TASK:
Copy every line from the data below in which the string "sweet" can be found.

*** INFORMATION Section Begins ***

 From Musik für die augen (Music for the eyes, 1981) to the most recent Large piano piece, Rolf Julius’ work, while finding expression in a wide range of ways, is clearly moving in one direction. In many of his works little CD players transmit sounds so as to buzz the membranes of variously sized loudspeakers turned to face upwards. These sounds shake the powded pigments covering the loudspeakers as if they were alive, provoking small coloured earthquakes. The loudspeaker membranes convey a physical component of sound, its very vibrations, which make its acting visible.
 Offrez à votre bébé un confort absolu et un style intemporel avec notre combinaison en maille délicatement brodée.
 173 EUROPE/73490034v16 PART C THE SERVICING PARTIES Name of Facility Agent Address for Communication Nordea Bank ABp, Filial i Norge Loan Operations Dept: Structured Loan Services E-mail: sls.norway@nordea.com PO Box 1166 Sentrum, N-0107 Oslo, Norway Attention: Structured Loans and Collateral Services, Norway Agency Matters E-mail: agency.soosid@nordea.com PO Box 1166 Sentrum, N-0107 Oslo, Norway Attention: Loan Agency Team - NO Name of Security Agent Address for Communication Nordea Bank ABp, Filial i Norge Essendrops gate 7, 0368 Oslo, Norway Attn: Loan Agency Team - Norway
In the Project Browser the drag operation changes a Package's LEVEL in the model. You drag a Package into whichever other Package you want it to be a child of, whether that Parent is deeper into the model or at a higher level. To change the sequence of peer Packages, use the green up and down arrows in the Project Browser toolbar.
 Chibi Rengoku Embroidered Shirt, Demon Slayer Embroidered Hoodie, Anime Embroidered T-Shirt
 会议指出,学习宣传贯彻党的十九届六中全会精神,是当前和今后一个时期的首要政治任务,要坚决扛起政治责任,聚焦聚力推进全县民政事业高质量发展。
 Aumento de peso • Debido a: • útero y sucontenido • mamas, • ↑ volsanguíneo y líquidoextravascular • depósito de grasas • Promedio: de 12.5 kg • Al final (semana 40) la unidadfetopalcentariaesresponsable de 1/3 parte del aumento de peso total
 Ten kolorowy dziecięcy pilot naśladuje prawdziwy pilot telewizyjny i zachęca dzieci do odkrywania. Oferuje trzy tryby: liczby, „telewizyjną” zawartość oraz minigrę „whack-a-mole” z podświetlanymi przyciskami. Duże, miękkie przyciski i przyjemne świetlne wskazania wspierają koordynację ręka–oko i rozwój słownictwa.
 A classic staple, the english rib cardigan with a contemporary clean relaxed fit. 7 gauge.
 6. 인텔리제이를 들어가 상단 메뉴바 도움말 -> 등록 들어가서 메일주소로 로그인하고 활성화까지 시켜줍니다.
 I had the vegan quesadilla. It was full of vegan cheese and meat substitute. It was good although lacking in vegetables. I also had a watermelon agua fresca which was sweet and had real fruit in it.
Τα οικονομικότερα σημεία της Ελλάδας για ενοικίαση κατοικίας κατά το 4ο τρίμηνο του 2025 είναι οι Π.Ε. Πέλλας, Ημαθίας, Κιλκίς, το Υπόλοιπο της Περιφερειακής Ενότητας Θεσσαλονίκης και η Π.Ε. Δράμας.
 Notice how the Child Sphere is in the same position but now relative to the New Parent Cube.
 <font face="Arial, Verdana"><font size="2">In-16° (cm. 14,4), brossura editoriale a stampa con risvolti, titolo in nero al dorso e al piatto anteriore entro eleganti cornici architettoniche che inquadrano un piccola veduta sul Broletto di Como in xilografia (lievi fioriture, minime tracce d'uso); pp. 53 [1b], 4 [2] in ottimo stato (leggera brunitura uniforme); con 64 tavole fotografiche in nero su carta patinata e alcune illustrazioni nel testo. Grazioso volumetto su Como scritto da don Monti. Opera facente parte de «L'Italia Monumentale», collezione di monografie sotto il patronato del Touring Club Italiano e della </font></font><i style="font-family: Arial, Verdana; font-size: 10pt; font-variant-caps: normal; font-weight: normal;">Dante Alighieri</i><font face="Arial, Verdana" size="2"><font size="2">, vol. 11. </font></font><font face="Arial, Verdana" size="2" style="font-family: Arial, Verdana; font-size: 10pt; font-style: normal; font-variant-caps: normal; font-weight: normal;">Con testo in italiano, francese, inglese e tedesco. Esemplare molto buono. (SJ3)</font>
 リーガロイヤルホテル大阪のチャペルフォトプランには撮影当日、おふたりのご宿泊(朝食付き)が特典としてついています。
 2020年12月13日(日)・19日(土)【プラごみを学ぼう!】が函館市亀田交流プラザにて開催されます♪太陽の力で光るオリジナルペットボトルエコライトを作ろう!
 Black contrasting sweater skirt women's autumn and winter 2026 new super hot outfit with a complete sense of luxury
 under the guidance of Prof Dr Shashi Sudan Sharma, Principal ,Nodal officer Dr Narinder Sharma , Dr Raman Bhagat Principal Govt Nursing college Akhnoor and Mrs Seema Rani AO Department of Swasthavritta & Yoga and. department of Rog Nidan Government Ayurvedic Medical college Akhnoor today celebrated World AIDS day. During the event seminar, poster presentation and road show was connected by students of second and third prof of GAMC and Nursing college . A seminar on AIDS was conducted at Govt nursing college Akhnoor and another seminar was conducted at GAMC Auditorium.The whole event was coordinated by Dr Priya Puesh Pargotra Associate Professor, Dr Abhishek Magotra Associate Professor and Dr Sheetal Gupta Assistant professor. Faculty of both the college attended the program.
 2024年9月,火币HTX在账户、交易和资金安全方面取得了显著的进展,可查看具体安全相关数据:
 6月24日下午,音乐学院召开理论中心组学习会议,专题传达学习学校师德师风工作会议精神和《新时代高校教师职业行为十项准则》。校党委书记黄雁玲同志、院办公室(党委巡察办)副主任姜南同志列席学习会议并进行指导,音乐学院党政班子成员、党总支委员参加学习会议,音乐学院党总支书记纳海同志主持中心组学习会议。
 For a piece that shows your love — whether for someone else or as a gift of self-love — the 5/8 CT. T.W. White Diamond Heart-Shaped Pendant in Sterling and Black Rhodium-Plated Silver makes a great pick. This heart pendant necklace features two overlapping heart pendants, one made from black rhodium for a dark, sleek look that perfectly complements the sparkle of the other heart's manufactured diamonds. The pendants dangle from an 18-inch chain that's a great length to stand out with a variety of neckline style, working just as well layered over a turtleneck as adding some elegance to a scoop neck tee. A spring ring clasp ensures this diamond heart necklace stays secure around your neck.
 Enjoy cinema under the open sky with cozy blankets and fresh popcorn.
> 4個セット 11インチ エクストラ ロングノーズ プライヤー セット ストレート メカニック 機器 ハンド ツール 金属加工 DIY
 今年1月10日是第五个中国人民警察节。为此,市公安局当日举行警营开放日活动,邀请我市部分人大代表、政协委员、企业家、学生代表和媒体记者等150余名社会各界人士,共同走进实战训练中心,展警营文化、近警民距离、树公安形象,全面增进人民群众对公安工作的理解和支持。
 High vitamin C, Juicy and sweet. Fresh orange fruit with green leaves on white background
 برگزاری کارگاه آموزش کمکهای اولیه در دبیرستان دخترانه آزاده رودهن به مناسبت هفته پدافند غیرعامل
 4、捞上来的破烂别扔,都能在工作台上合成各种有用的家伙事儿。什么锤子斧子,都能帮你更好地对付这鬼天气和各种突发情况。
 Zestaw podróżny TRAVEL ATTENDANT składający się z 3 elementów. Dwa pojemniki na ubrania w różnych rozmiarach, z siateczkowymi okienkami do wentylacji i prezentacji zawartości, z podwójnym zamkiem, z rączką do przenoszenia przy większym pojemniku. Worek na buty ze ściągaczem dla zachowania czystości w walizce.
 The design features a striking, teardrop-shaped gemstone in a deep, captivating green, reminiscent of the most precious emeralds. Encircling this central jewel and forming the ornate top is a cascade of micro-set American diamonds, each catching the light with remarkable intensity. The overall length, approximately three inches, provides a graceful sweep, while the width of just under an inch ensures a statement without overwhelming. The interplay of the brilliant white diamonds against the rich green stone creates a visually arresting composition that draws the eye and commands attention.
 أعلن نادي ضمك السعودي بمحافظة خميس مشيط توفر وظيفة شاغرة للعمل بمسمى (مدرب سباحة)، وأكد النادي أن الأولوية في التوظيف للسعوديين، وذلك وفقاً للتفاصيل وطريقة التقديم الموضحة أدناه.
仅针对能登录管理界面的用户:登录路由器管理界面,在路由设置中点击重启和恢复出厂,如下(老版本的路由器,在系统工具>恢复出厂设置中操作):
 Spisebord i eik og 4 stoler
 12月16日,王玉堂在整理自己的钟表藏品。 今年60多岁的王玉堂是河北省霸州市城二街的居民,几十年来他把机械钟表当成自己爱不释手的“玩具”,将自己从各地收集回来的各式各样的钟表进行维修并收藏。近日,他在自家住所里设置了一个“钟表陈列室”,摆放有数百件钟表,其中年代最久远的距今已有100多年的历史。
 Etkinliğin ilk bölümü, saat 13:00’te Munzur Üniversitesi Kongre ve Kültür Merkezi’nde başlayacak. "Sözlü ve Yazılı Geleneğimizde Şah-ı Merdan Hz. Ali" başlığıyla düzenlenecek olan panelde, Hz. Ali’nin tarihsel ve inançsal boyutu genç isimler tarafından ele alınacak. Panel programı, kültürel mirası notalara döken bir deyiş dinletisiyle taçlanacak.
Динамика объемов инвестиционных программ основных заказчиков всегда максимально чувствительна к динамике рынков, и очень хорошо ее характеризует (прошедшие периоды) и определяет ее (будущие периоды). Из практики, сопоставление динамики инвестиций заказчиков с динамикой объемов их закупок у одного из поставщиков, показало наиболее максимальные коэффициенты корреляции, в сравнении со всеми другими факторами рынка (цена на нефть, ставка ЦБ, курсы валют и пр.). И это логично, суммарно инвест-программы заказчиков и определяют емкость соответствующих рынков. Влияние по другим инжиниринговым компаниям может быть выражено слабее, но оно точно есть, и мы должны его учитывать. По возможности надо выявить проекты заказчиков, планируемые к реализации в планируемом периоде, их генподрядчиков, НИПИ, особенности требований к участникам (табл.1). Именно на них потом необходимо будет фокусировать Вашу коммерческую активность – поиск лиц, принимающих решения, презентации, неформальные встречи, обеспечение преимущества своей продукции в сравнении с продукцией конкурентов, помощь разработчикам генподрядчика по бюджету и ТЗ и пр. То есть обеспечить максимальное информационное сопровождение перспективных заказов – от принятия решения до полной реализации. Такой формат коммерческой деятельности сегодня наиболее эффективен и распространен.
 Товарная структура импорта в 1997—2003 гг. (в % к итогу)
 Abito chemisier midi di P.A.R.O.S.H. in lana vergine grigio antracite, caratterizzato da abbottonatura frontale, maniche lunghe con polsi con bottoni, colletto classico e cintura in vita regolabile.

*** INFORMATION Section Ends ***

RESPONSE AREA:
 I had the vegan quesadilla. It was full of vegan cheese and meat substitute. It was good although lacking in vegetables. I also had a watermelon agua fresca which was sweet and had real fruit in it.
 High vitamin C, Juicy and sweet. Fresh orange fruit with green leaves on white background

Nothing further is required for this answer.